* **Task to complete**
Below are the records; repeat exactly their lines between the line holding "Damen Sandalen Mules" and the line holding "- Materials, techniques, and", inclusive, skipping the pictures.

* **Source data**
==*==

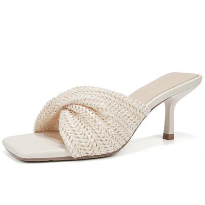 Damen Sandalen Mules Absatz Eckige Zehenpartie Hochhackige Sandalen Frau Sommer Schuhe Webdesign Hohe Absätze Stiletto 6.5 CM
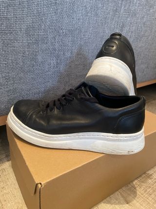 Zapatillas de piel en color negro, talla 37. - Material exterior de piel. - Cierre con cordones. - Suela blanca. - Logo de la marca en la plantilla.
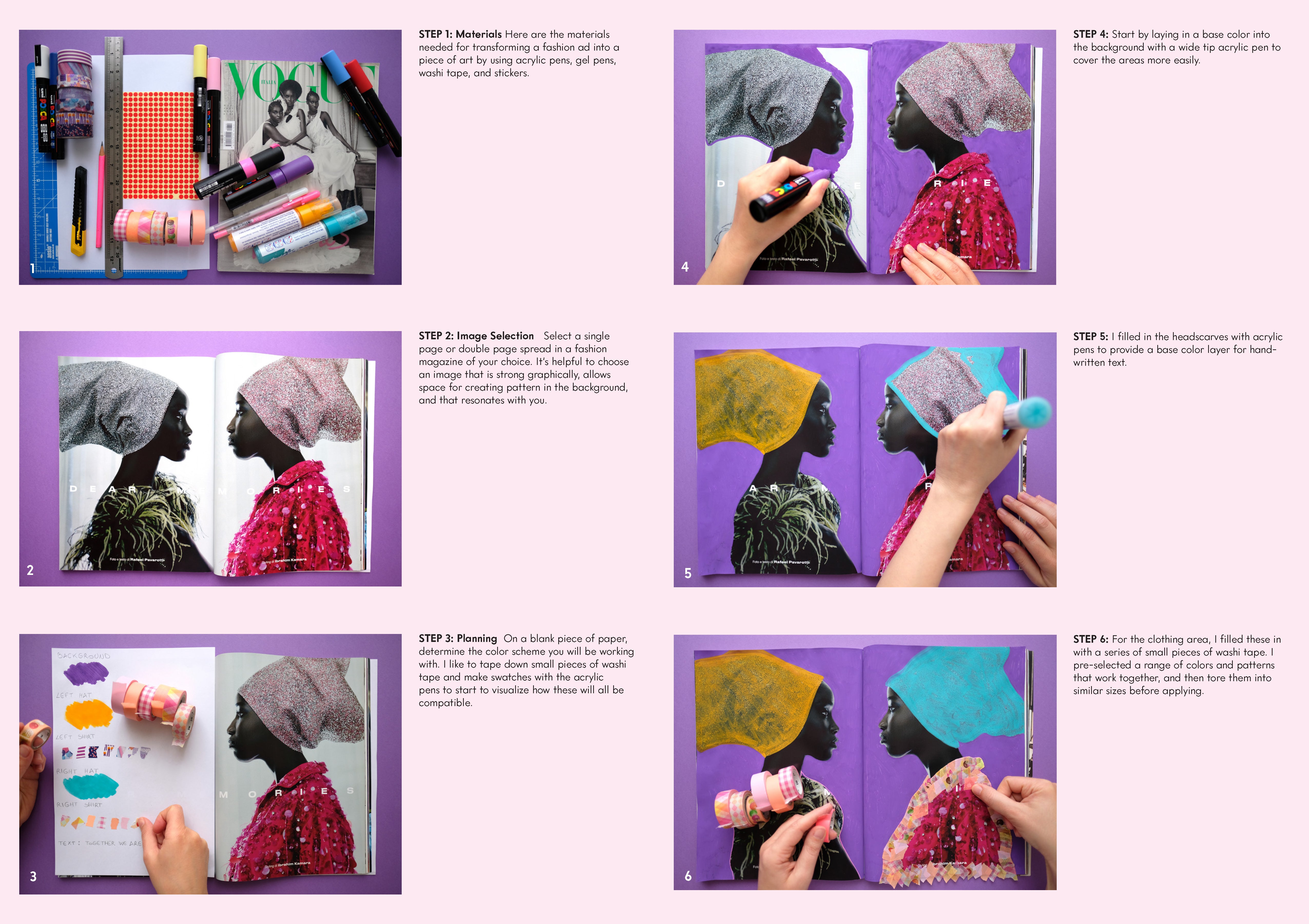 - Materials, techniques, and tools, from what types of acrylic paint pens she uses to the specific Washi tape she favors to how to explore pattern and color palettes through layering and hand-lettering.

==*==

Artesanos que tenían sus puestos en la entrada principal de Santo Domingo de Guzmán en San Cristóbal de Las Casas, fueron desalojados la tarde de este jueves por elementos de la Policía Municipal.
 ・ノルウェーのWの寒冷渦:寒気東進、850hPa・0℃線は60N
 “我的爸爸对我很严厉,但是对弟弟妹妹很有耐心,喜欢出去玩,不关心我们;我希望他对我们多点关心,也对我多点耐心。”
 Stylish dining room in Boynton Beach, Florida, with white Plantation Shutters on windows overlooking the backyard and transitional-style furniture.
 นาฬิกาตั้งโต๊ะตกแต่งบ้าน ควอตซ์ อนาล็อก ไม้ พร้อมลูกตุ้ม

==*==

* **The answer**
 Damen Sandalen Mules Absatz Eckige Zehenpartie Hochhackige Sandalen Frau Sommer Schuhe Webdesign Hohe Absätze Stiletto 6.5 CM
 Zapatillas de piel en color negro, talla 37. - Material exterior de piel. - Cierre con cordones. - Suela blanca. - Logo de la marca en la plantilla.
 - Materials, techniques, and tools, from what types of acrylic paint pens she uses to the specific Washi tape she favors to how to explore pattern and color palettes through layering and hand-lettering.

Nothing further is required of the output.